[Your task] Only the lines from the line that contains "Die aktuelle bassetti" through the final line of the entries below belong in your answer, copied exactly and without pictures.
++++ Information supplied ++++
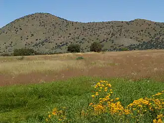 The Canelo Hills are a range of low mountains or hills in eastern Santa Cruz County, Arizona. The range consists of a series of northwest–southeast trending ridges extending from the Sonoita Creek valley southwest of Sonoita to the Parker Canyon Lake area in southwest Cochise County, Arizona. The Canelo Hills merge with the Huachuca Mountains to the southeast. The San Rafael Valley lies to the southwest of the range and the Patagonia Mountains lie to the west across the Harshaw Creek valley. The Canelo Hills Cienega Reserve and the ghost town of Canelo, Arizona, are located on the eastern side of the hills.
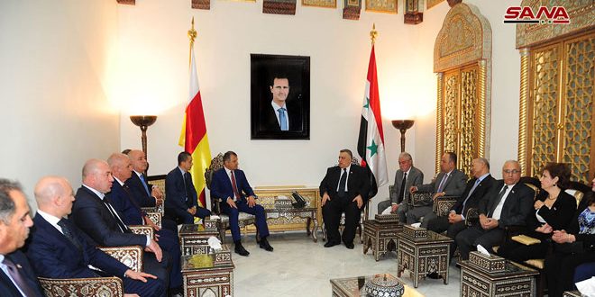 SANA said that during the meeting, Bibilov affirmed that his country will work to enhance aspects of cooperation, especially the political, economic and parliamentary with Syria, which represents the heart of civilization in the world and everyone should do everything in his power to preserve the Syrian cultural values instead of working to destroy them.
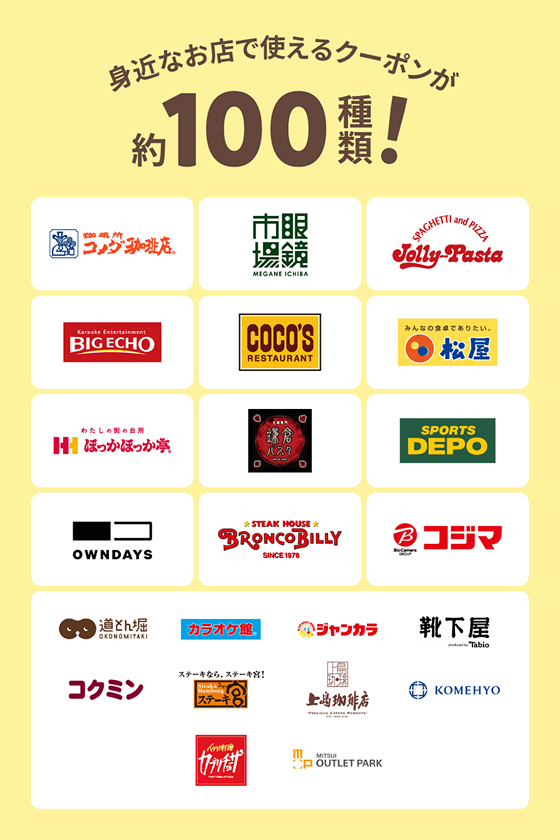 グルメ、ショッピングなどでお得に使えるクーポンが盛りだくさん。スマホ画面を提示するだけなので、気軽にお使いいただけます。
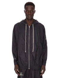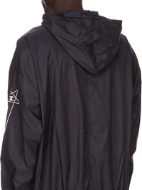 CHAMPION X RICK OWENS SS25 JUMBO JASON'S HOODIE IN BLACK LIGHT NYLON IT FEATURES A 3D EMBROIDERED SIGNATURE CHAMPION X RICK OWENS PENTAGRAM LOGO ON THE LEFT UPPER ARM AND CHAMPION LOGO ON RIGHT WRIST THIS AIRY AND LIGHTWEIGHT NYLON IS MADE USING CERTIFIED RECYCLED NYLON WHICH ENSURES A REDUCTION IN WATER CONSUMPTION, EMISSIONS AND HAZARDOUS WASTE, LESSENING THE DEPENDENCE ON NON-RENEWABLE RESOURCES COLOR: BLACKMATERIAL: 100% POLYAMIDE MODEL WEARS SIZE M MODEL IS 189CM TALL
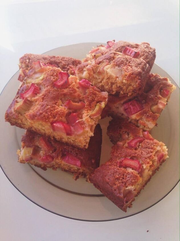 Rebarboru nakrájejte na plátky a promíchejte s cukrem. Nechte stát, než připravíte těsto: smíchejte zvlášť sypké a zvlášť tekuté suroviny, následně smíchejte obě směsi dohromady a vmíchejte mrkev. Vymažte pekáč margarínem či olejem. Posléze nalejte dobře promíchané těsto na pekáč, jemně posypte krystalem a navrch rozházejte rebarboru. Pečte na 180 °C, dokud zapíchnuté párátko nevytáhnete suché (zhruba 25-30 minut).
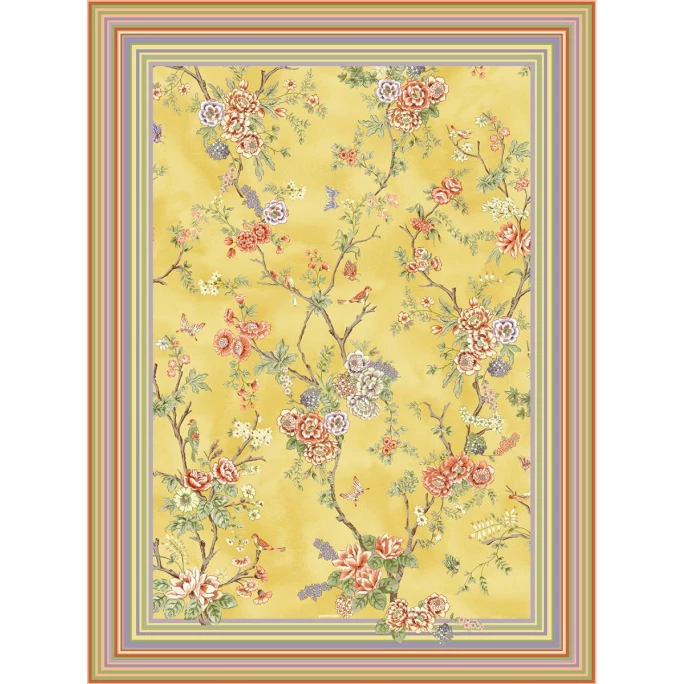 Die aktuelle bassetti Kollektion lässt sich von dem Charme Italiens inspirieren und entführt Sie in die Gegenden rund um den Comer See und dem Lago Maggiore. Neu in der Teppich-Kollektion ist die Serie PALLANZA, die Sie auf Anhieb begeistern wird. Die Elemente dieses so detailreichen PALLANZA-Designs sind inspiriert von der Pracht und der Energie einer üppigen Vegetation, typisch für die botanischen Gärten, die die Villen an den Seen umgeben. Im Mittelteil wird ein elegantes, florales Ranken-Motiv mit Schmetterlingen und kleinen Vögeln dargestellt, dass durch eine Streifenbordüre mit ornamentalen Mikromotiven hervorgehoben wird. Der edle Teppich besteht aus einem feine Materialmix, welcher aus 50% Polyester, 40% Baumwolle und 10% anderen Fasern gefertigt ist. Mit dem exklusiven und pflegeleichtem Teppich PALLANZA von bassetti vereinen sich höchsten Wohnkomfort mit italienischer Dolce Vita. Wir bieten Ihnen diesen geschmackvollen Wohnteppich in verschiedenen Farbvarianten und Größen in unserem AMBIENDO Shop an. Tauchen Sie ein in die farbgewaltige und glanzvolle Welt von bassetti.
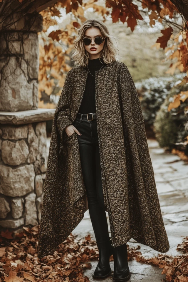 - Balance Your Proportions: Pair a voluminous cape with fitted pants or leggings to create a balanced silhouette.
++++
[Response for this exercise]
 Die aktuelle bassetti Kollektion lässt sich von dem Charme Italiens inspirieren und entführt Sie in die Gegenden rund um den Comer See und dem Lago Maggiore. Neu in der Teppich-Kollektion ist die Serie PALLANZA, die Sie auf Anhieb begeistern wird. Die Elemente dieses so detailreichen PALLANZA-Designs sind inspiriert von der Pracht und der Energie einer üppigen Vegetation, typisch für die botanischen Gärten, die die Villen an den Seen umgeben. Im Mittelteil wird ein elegantes, florales Ranken-Motiv mit Schmetterlingen und kleinen Vögeln dargestellt, dass durch eine Streifenbordüre mit ornamentalen Mikromotiven hervorgehoben wird. Der edle Teppich besteht aus einem feine Materialmix, welcher aus 50% Polyester, 40% Baumwolle und 10% anderen Fasern gefertigt ist. Mit dem exklusiven und pflegeleichtem Teppich PALLANZA von bassetti vereinen sich höchsten Wohnkomfort mit italienischer Dolce Vita. Wir bieten Ihnen diesen geschmackvollen Wohnteppich in verschiedenen Farbvarianten und Größen in unserem AMBIENDO Shop an. Tauchen Sie ein in die farbgewaltige und glanzvolle Welt von bassetti.
 - Balance Your Proportions: Pair a voluminous cape with fitted pants or leggings to create a balanced silhouette.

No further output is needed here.